▸ What you have to do:
Transcribe the lines exactly, beginning with the one that contains "昨日から今日にかけて3月の壁飾りを利用者様と一緒に" and ending with the final line of the records. Do not transcribe pictures.

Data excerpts
++++++++++++++++++++

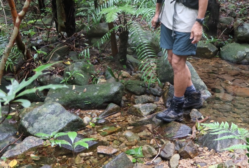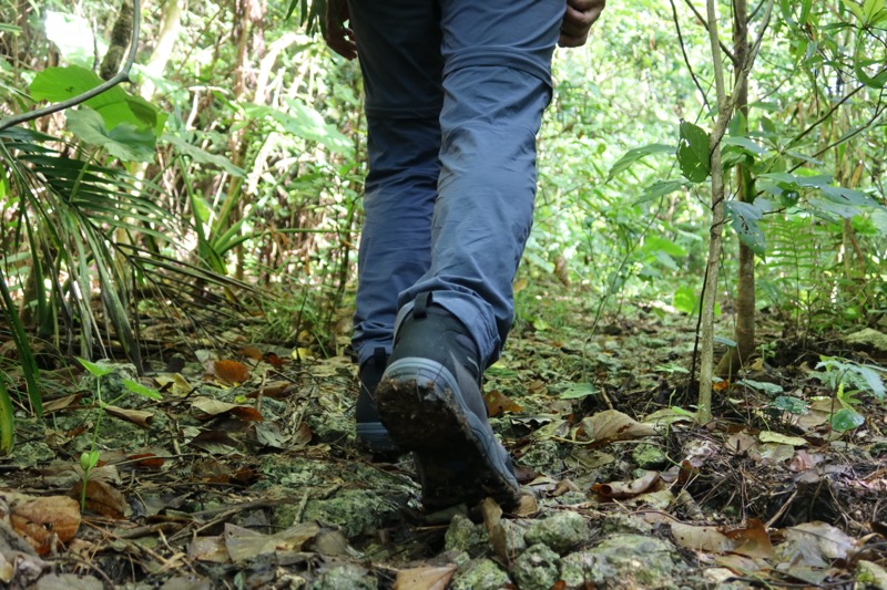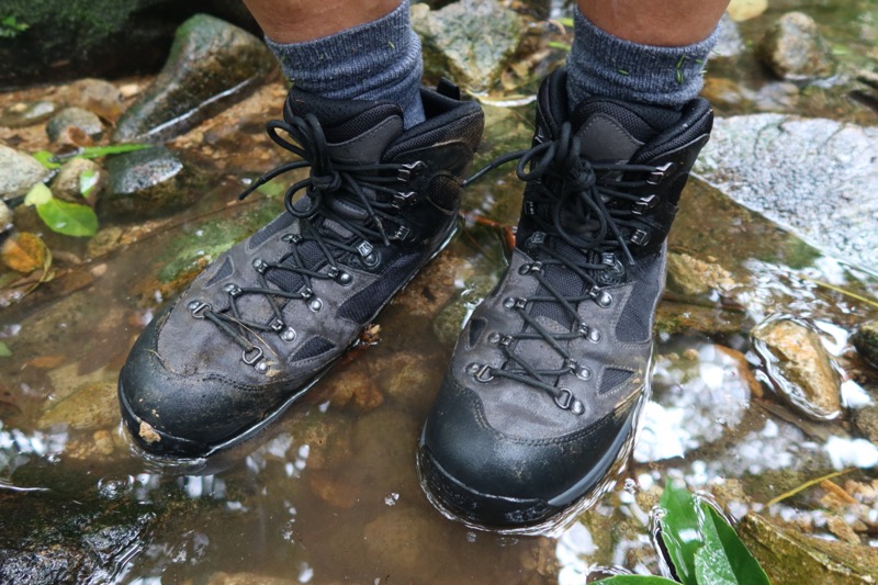 このようにつるっとした石の上でもGK8X_FFFは滑りにくい。とはいえ、足を置くとはがれるような苔が付いていると、さすがに少し滑ることは避けられないのだが、少々滑ったとしても足首まで覆われたアッパーによって捻挫を起こすまでには至らない。
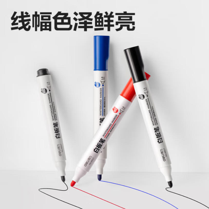森淼办公 得力(deli) 白板笔套装 可擦易擦书写顺滑 办公文具会议教学 7黑2蓝1红混色 10支/盒 33176
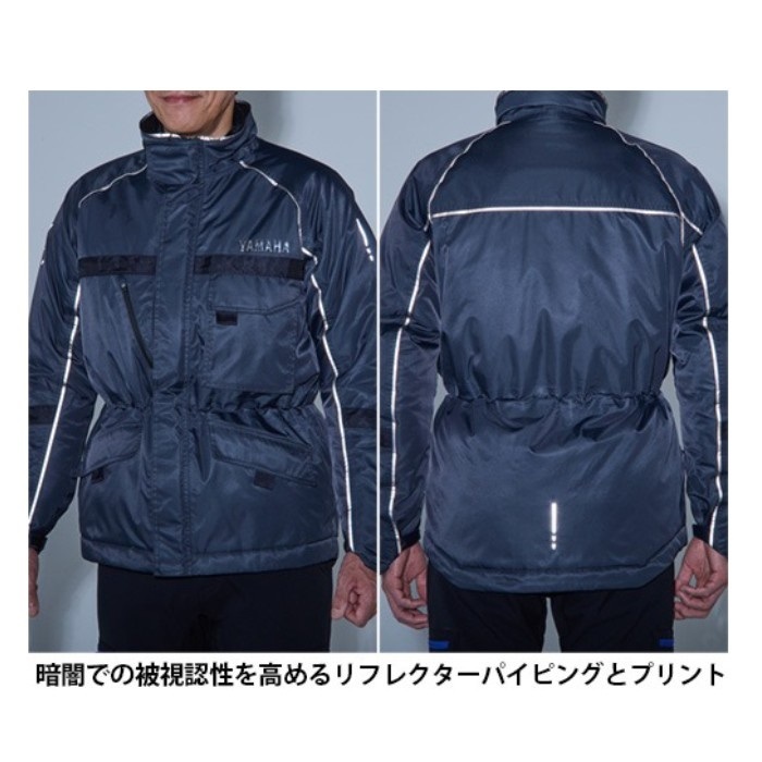 正面からの風の侵入を防ぎます。ダブルジップ仕様で細かい開閉調節可能。引き手にYAMAHAロゴ入り。
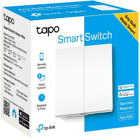 TP-Link Wireless Smart Light Switch Tapo S220, White, 2-Gang
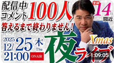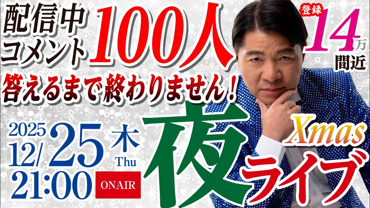 まっさんのなんでもブログ 【いさチャンネル 2025年12月25日 クリスマス 夜ライブ】「聖なる夜に登録者140000人突破なるか!?感謝の夜ライブトーク!配信中コメント100人答えるまで終わりません!」をテキスト要約
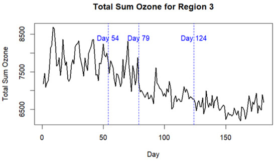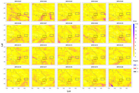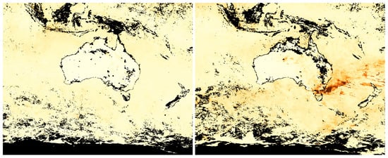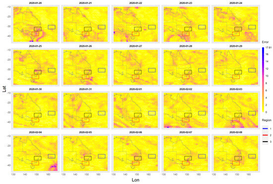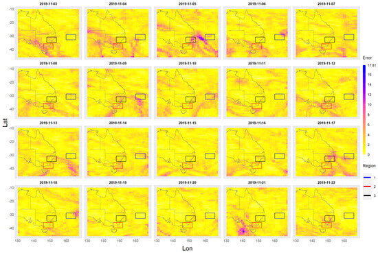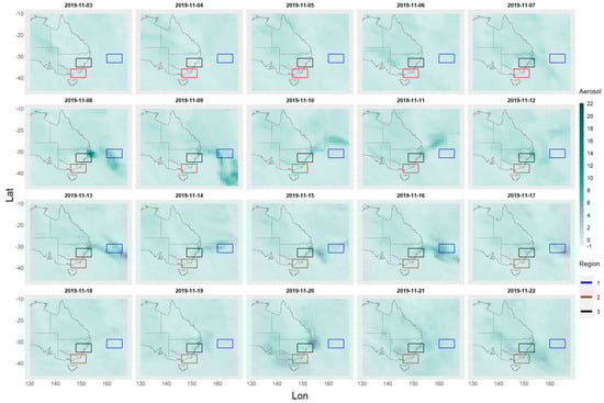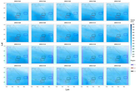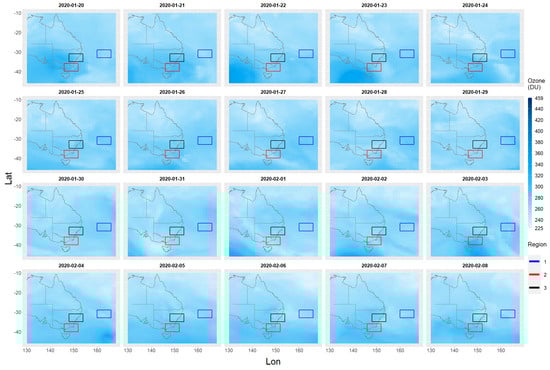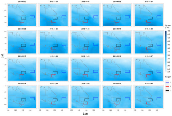 Figure 5. This area will be referred to here as the study area. All the ozone/aerosol data are from the 2019–2020 Australian bushfire period covering the dates from 1 September 2019 to 29 February 2020 and will be called the study time period. There is a total of 182 days between these two dates. On the 68th day (7 November 2019), the first sign of bushfire aerosol emissions appears and the last relatively small emission of bushfire aerosols occurs on the 159th day (6 February 2020). Total sum ozone (TSO) and total sum aerosol (TSA) values are also computed. These total sum values are equal to the sum of all cell values contained within the rectangular region.
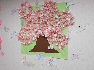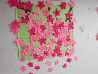昨日から今日にかけて3月の壁飾りを利用者様と一緒に
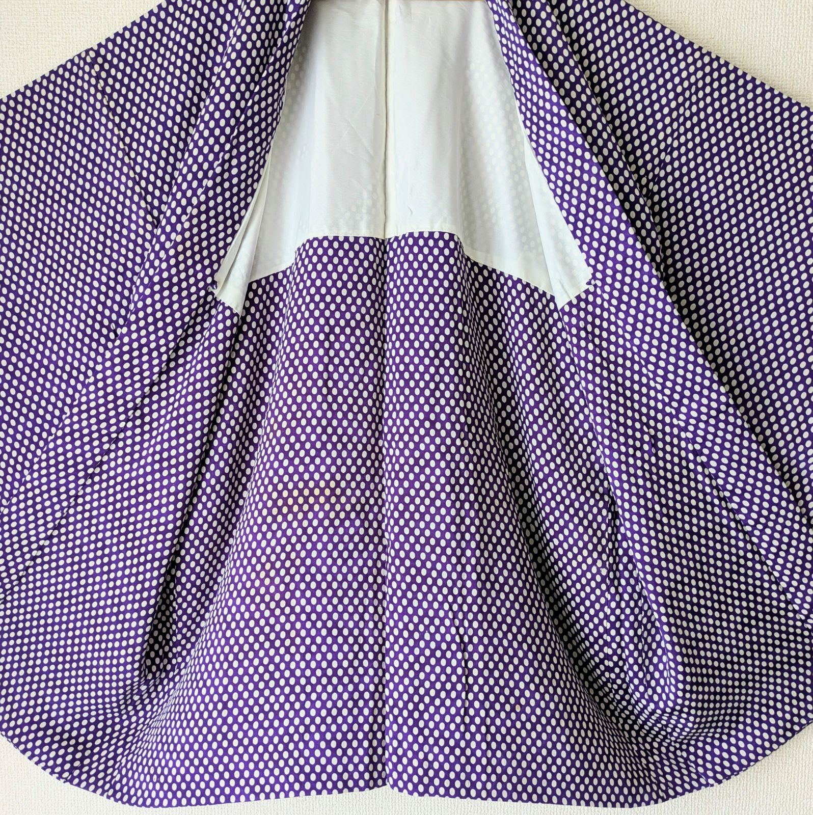 Japanese Vintage Haori Long Purple Polka dots pattern Silk Kimono Jacket Old-ⅽloth 長羽織 羽織 正絹 紫 白 水玉模様 古布 時代布 大正浪漫 和洋折衷の検索結果

++++++++++++++++++++

▸ Expected answer:
昨日から今日にかけて3月の壁飾りを利用者様と一緒に
 Japanese Vintage Haori Long Purple Polka dots pattern Silk Kimono Jacket Old-ⅽloth 長羽織 羽織 正絹 紫 白 水玉模様 古布 時代布 大正浪漫 和洋折衷の検索結果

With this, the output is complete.